Die vier Witwen unseres Freundes  (Wolfgang Helfritsch)

Neulich, um die Julimitte herum, hatte unser Freund Alfredo wieder mal Geburtstag. Er hat immer um die Julimitte herum Geburtstag, genauer gesagt, am 12. Juli, und es möge noch recht lange so bleiben. Das wünschen wir ihm und uns.

Alfredo ist eine tragende Bühnenfigur in unserem Theaterverein, dem Karlshorster Zimmertheater. Er trägt nicht nur die vorgeschriebenen Requisiten gekonnt über die Bühne, er füllt letztere auch mit seinen Rollen aus.

Alfredo hat ein ganzes Künstlerleben lang auf den Brettern gestanden, gespielt und getanzt und gesungen, und als Artist hat er die halbe Welt bereist. Ihm kann man nichts vormachen, er weiß Bescheid. Und er bringt es so überzeugend rüber, daß Widerspruch oder Besserwisserei nie aufkommen können.

Zu seinem Wiegenfest hat er allerdings ein etwas gestörtes Verhältnis. Er wird nicht gern älter – wer wird das schon! Ihm ist es am liebsten, wenn keiner seiner Kollegen davon Notiz nimmt. Aber nun wurde er 75, und in dieser Alterskategorie gehört es sich schon, daß man ihm gratuliert.

Erleichtert wurde mir die Sache dadurch, daß ich nur einen Monat jünger bin. Ich finde mich aber damit ab und nehme mich selbst auf die Schippe, indem ich allen erzähle, daß ich – von Natur aus nicht gerade mit ansehnlicher Körperhöhe ausgestattet – von Jahr zu Jahr einen Zentimeter kleiner werde, mir also genau ausrechnen könne, wann ich von der Bildfläche verschwunden sei. Diese Art von Humor geht allerdings vielen ab, unter anderem Alfredo.
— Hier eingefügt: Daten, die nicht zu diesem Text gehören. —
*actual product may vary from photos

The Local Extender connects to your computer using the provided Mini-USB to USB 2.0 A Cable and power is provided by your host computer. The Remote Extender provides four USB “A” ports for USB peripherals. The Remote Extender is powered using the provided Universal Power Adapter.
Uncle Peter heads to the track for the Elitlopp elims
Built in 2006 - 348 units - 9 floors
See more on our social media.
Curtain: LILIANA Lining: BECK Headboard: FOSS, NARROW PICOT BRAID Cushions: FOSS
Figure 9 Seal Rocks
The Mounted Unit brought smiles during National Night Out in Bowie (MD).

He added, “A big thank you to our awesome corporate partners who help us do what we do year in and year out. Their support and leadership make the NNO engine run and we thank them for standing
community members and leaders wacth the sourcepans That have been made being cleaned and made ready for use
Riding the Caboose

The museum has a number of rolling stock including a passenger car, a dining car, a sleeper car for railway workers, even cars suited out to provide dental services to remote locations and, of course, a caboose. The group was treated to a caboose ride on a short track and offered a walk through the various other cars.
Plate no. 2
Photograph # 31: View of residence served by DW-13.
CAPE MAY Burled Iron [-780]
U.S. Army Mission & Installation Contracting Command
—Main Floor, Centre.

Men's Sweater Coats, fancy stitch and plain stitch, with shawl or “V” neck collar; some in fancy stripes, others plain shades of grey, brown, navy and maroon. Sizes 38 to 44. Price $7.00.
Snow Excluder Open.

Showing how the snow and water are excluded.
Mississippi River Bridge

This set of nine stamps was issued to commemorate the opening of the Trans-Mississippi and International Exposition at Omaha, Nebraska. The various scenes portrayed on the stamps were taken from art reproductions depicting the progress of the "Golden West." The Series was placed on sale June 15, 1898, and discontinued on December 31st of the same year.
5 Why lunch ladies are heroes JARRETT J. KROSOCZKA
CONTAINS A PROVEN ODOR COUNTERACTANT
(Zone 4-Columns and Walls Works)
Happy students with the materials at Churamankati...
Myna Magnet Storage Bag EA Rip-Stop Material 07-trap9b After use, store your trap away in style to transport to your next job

Immerhin, er empfing uns. Der Jubilar kehrte bei unserem Eintreffen gerade von einer Besorgung zurück und wurde von seinem Dackel herzlich und schweifwedelnd begrüßt. Das war eine günstige Konstellation, denn wir konnten uns unauffällig in das Zeremoniell einmischen.

Alfredo empfing uns freundlich, bat uns an seinen Gartentisch und versorgte uns mit Getränken.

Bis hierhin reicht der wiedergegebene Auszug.